Activities & Results
Activities, awards, and other outputs
- Speakers at workshops on “AI inom medicinteknik,” session “Vad minns en högparametriserad modell? Organized by Läkemedelsverket, April 6, online with more than 150 participants from industry and regulatory bodies.
- “Tillgängliggörande av hälsodata,” Dec 2021 online with more than 50 participants from four regions participating
- “Digital innovation i samverkan stad, region och akademi,” Oct 2021 online with about 20 participants from KTH, Region and City of Stockholm, plus some KTH internal events.
- Organisation and participation of panel at Nordic Privacy Forum 2022 panel discussing calculated privacy and the interplay between law and tech.
- DataLEASH organizes regular seminars every two months for three years with the City of Stockholm and Region Stockholm about requirements from the stakeholders and the results from our research project.
- SAIS 2022, Swedish AI Society workshop, is organised and paper [BFLSSR22] is presented in this workshop.
- Award: Rise solution for Encrypted Health AI was announced the winner of the Vinnova Vinter competition in the infrastructure category.
Research objectives of DataLEASH are: (i) develop and study privacy measures suitable for privacy risk assessment and utility optimization; (ii) characterization of fundamental bounds on data disclosure mechanisms; (iii) design and study of efficient data disclosure mechanisms with privacy guarantees; (iv) demonstration and testing of algorithms using real-data repositories; (v) study of the cross-disciplinary privacy aspects between law and information technology.

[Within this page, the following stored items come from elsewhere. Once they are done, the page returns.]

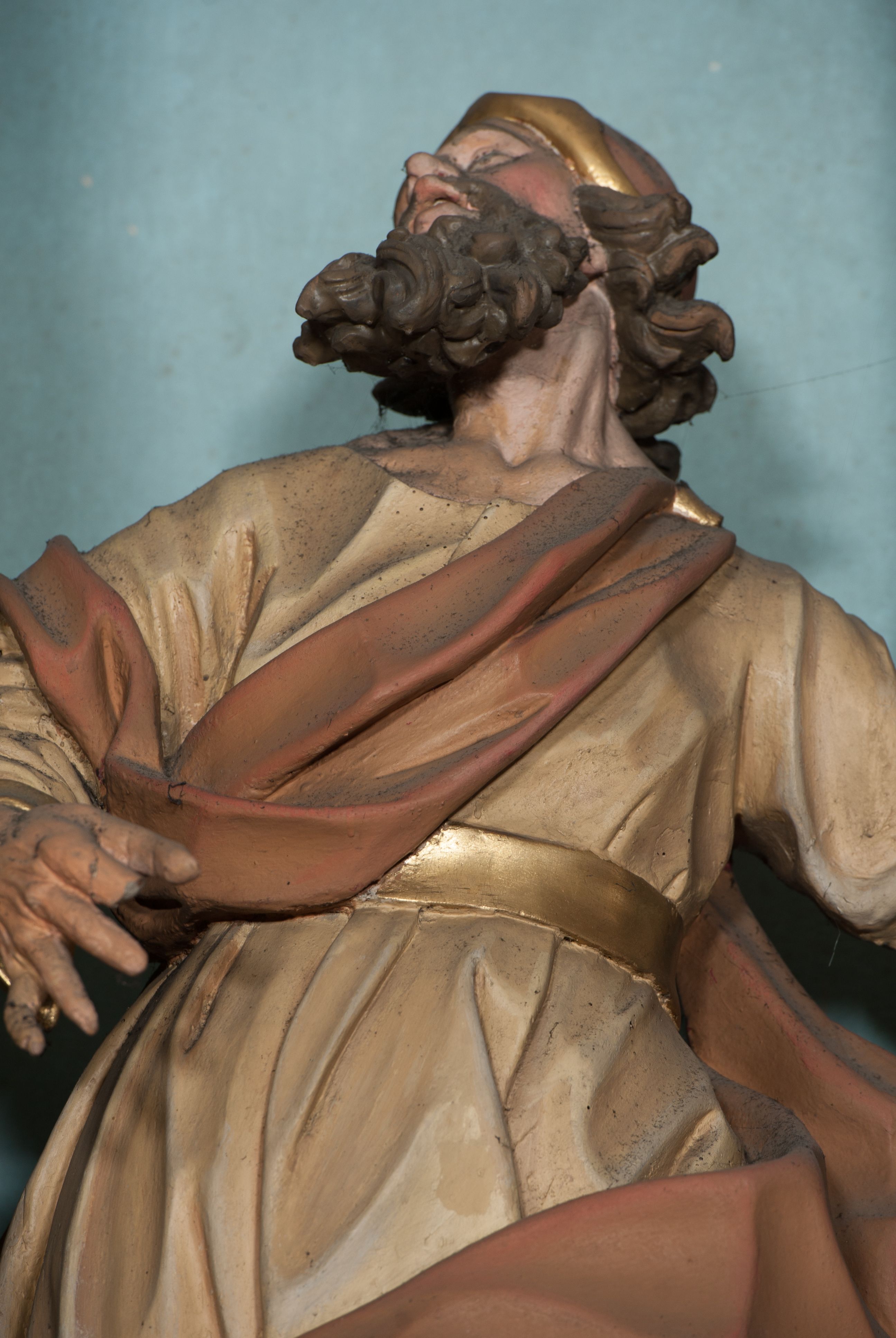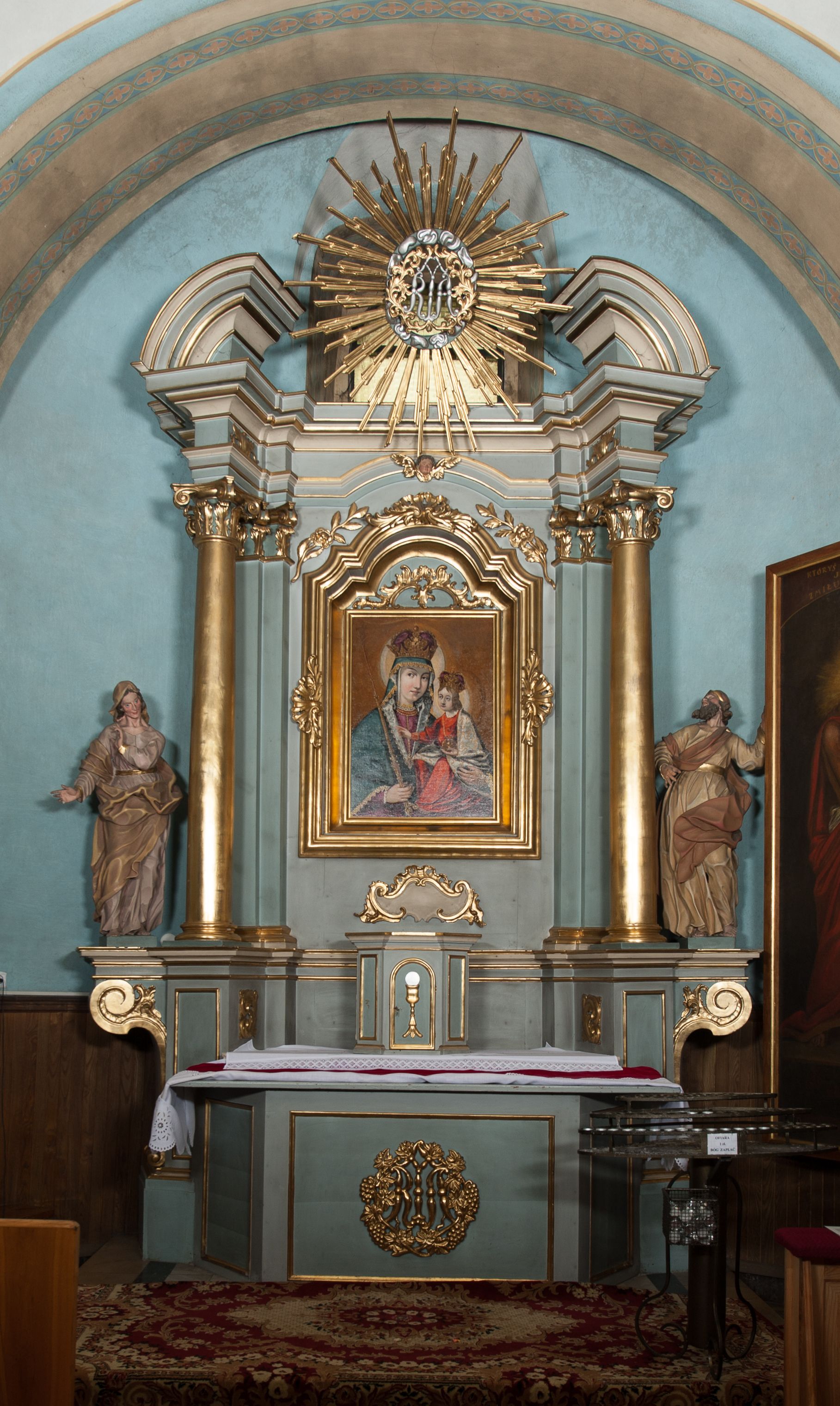The altar for the chapel of the Virgin Mary, together with statues of St. Anne and St. Joachim, was built before 1765. Most likely it was made in the workshop of the Kornecki family of Gdów. The statue is closely related to the iconographic programme of the altar centered around the statue of Mary, whose image is presented in the main area. Saint Joachim was portrayed as a mature or elderly man, because thanks to his prayers and fasting in the wilderness, he became a father of a child – Mary – in old age (according to tradition). He is usually depicted in the company of his wife – St. Anne.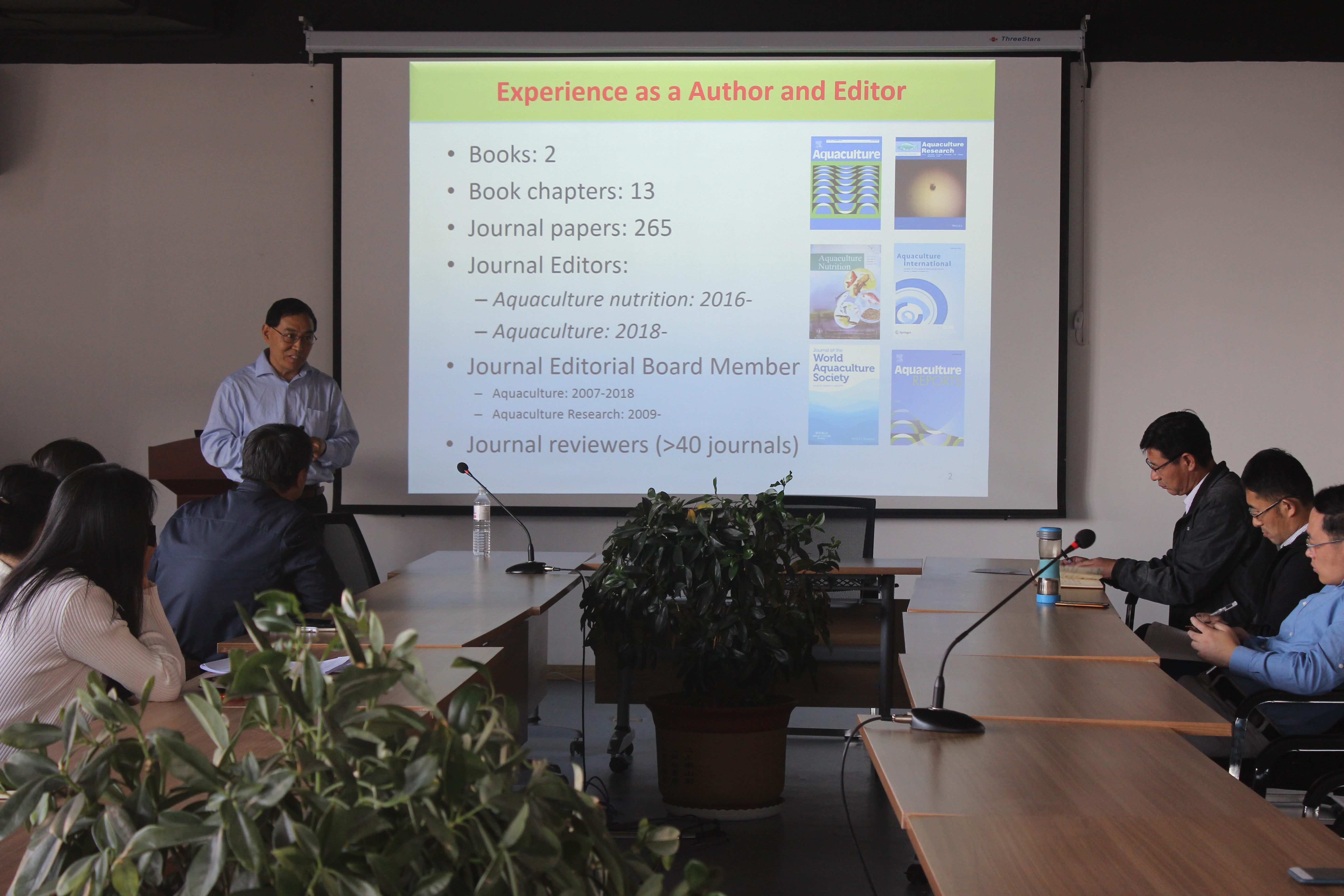 10月11日,青岛农业大学海洋科学与工程学院于蓝谷校区会议室举行学术报告会,澳大利亚费林德斯大学终身教授秦建光就水产养殖专题研究进行学术交流,学院全体教职工及研究生参加会议。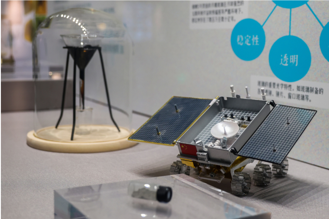"这些月壤玻璃样本的抗老化机理,正在改写人类对宇宙材料的认知。"中国科学院院士汪卫华在揭幕式上表示。展区内,从实验室走出的非晶态材料研究成果与古代玻璃器皿展开跨时空对话——嫦娥五号月壤玻璃的太空风化研究揭示着星际探索新方向,而显微镜、棱镜等现代科学仪器的玻璃元件,则延续着古代玻璃作为文明载体的使命。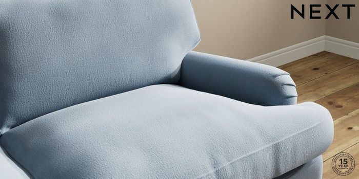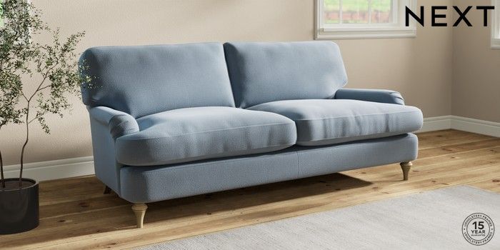 7.0.3 Buy Sadie Deep Relaxed Sit 3 Seater Sofa Relaxed Linen Look Mid Blue High Slim Turned - Light from the Next UK online shop Click here to use our accessible website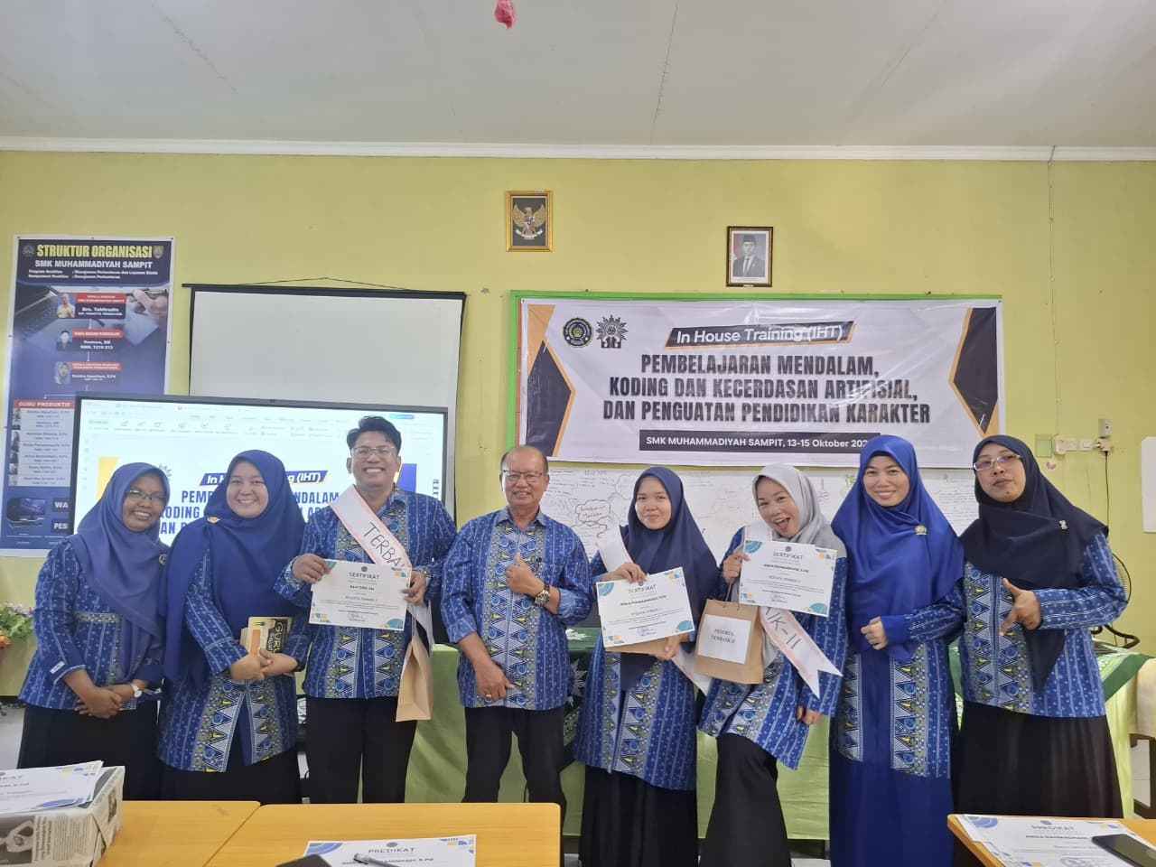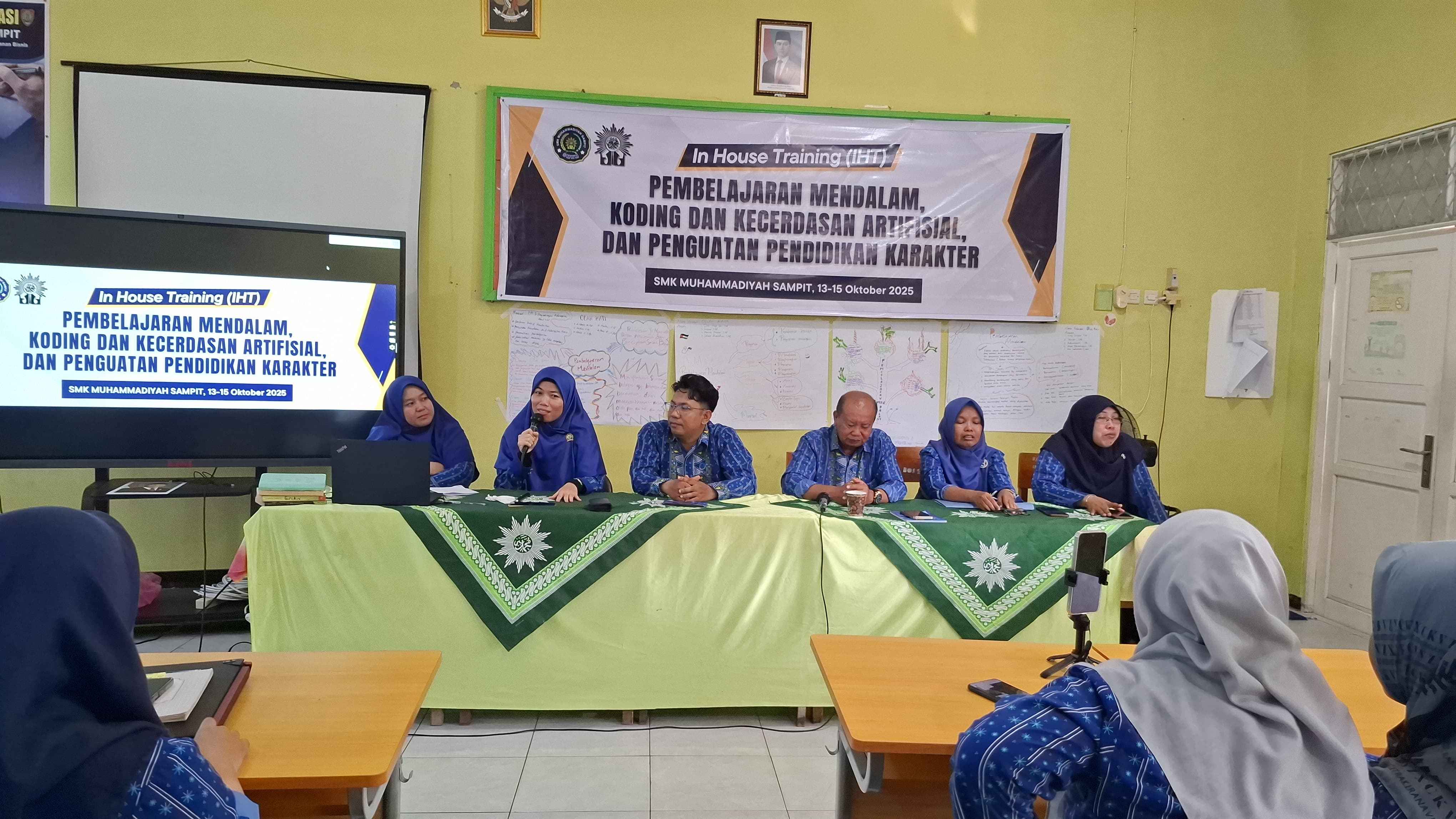 Sampit, — Suasana haru sekaligus penuh kebanggaan menyelimuti ruag pertemuan SMK Muhammadiyah Sampit pada Rabu sore (15/10/2025). Setelah tiga hari penuh kegiatan intensif, rangkaian In House Training (IHT) bertema “Pembelajaran Mendalam, Koding, Kecerdasan Artifisial, dan Penguatan Pendidikan Karakter” resmi ditutup dengan acara sederhana namun bermakna.

Research achievements and main results of DataLEASH:
- Pointwise Maximal Leakage (PML) has been proposed as a new privacy measure framework. PML has an operational meaning and is robust. Using the framework, several other privacy measures have been derived and their properties have been characterized as well as the relation to existing privacy measures have been established.
- The privacy-preserving learning mechanism PATE has been studied using conditional maximal leakage explaining the cost of privacy. PATE approach has been extended to deal with high-dimensional targets such as in segmentation tasks of MRI brain scans.
- Fundamental bounds on data disclosure mechanisms have been derived considering various pointwise privacy measures. Furthermore, approximate solutions to optimal data disclosure mechanisms have been derived using concepts from Euclidian Information Theory.
- In a cross-disciplinary study between law and tech, we propose and discuss how to relate the legal data protection principles of data minimization to the mathematical concept of a sufficient statistic to be able to deal from a regulatory perspective with the rapid advancements in machine learning.
- Health Bank, a large health data repository of 2 million patient record texts in Swedish has been de-identified. A deep learning BERT model, SweDeClin-BERT, has been created and obtained permission from the Swedish Ethical Review Authority to be shared among academic users. The model SweDeClin-BERT has been used at the University Hospital of Linköping with promising results. Handling sensitive health-related data is often challenging. Proposed Fully Homomorphic Encryption (FHE) to encrypt diabetes data. The proposed approach won the pilot Winter competition 2021–22 organized by Vinnova.
- We created a systematization of knowledge on ambient assisted living (combining the challenges of mobile and smart-home monitoring for health) from a privacy perspective to map out potential issues and intervention points.
- Using a cryptographic approach, we developed distance-bounding attribute-based credentials, which provide anonymity for location-based services, provably resisting attacks.
- We investigated the uses and limitations of synthetic data as a privacy-preservation mechanism. For image data, we developed a framework of clustering and synthesizing facial images for privacy-preserving data analysis with privacy guarantees from k-anonymity and found trade-off choice points with analysis utility. In a different work on facial images, we proposed a novel approach for the privacy preservation of attributes using adversarial representation learning. This work removes the sensitive facial expressions and replaces them with an independent random expression while preserving facial features. For tabular data, we investigated across several datasets whether different methods of generating fully synthetic data vary in their utility a priori (when the specific analyses to be performed on the data are not known yet), how closely their results conform to analyses on original data a posteriori, and whether these two effects are correlated. We found classification tasks when using synthetic data for training machine-learning models more promising in terms of consistent accuracy than statistical analysis.
In the interplay between information technology and law, the project itself has been a testbed, given the personal data processing in research of this kind. Quite often, there is a challenge merely to find the governing legal framework. Practical experiences and theoretical studies can be a sign of this. However, much research today is concentrated on specific data protection regulations. The reasoning above boils down to a broadened approach to GDPR.